Unfortunately, FJ has just found out about a new tax that will be assessed next year on farms used as ski training camps. Upon careful reading of the law, however, he discovers that the official definition of a ski camp requires the difference between the highest and lowest hill on his property to be strictly larger than 17. Therefore, if he shortens his tallest hills and adds mass to increase the height of his shorter hills, FJ can avoid paying the tax as long as the new difference between the highest and lowest hill is at most 17.
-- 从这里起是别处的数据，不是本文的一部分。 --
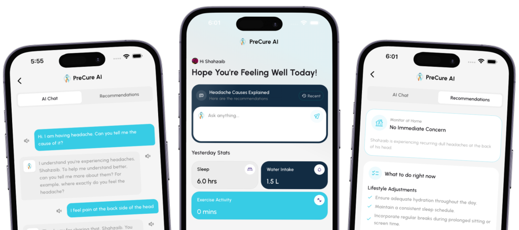 PreCure AI is an AI-powered health assistant that helps you understand symptoms, receive personalized health recommendations, and track daily health habits like sleep, exercise, medicine, and water intake.

If it costs x^2 units of money to change the height of a hill by x units, what is the minimum amount of money FJ will need to pay? FJ is only willing to change the height of each hill by an integer amount.
PROGRAM NAME: skidesign
INPUT FORMAT:
| Line 1: | The integer N. |
| Lines 2..1+N: | Each line contains the elevation of a single hill. |
SAMPLE INPUT (file skidesign.in):
5 20 4 1 24 21
INPUT DETAILS:
FJ's farm has 5 hills, with elevations 1, 4, 20, 21, and 24.
OUTPUT FORMAT:
The minimum amount FJ needs to pay to modify the elevations of his hills so the difference between largest and smallest is at most 17 units.| Line 1: |
SAMPLE OUTPUT (file skidesign.out):
18
OUTPUT DETAILS:
FJ keeps the hills of heights 4, 20, and 21 as they are. He adds mass to the hill of height 1, bringing it to height 4 (cost = 3^2 = 9). He shortens the hill of height 24 to height 21, also at a cost of 3^2 = 9.
分析
提交代码
/*
ID:
PROG: skidesign
LANG: C++
*/
#include <fstream>
#include <iostream>
#include <algorithm>
#include <vector>
#include <limits.h>
using namespace std;
int main()
{
ifstream fin("skidesign.in");
ofstream fout("skidesign.out");
int N; fin >> N;
vector<int> hills(N);
for (int i=0;i!=N;i++)
{
fin >> hills[i];
}
sort(hills.begin(),hills.end());
int low = hills[0];
int high = hills[N-1];
int mincost = INT_MAX;
for (int i=low;i<=high-17;i++)
{
int cost = 0;
int current_high = i + 17;
for (int j=0;j!=N;j++)
{
if(hills[j] < i)
{
cost += (i - hills[j]) * (i - hills[j]);
}
else if(hills[j] > current_high)
{
cost += (hills[j] - current_high) * (hills[j] - current_high);
}
}
mincost = cost < mincost? cost : mincost;
}
fout << mincost << endl;
return 0;
}提交结果
TASK: skidesign LANG: C++ Compiling... Compile: OK Executing... Test 1: TEST OK [0.008 secs, 3504 KB] Test 2: TEST OK [0.008 secs, 3504 KB] Test 3: TEST OK [0.008 secs, 3504 KB] Test 4: TEST OK [0.005 secs, 3504 KB] Test 5: TEST OK [0.008 secs, 3504 KB] Test 6: TEST OK [0.005 secs, 3504 KB] Test 7: TEST OK [0.011 secs, 3504 KB] Test 8: TEST OK [0.011 secs, 3504 KB] Test 9: TEST OK [0.005 secs, 3504 KB] Test 10: TEST OK [0.005 secs, 3504 KB] All tests OK.
官方提供的参考答案
#include <fstream>
using namespace std;
int n,hills[1000];
int main()
{
ifstream fin("skidesign.in");
fin >> n;
for (int i=0; i<n; i++)
fin >> hills[i];
fin.close();
// brute-force search
// try all elevation intervals from (0,17) to (83,100)
int mincost=1000000000;
for (int i=0; i<=83; i++)
{
// calculate the cost for elevation interval (i,i+17)
int cost=0,x;
for (int j=0; j<n; j++)
{
// if hill is below the interval
if (hills[j]<i)
x=i-hills[j];
// if hill is above the interval
else if (hills[j]>i+17)
x=hills[j]-(i+17);
// if hill is int the interval
else
x=0;
cost+=x*x;
}
// update the minimum cost
mincost=min(mincost,cost);
}
ofstream fout("skidesign.out");
fout << mincost << "\n";
fout.close();
}相比本文的思路,官方给出的答案并没有求出输入数据的最大值和最小值,而是直接将最低值设为0~83之间求取所有可能的处理成本。由于这样可以减少求取输入数据极值的过程,在数据量较大的时候会有一定的优势。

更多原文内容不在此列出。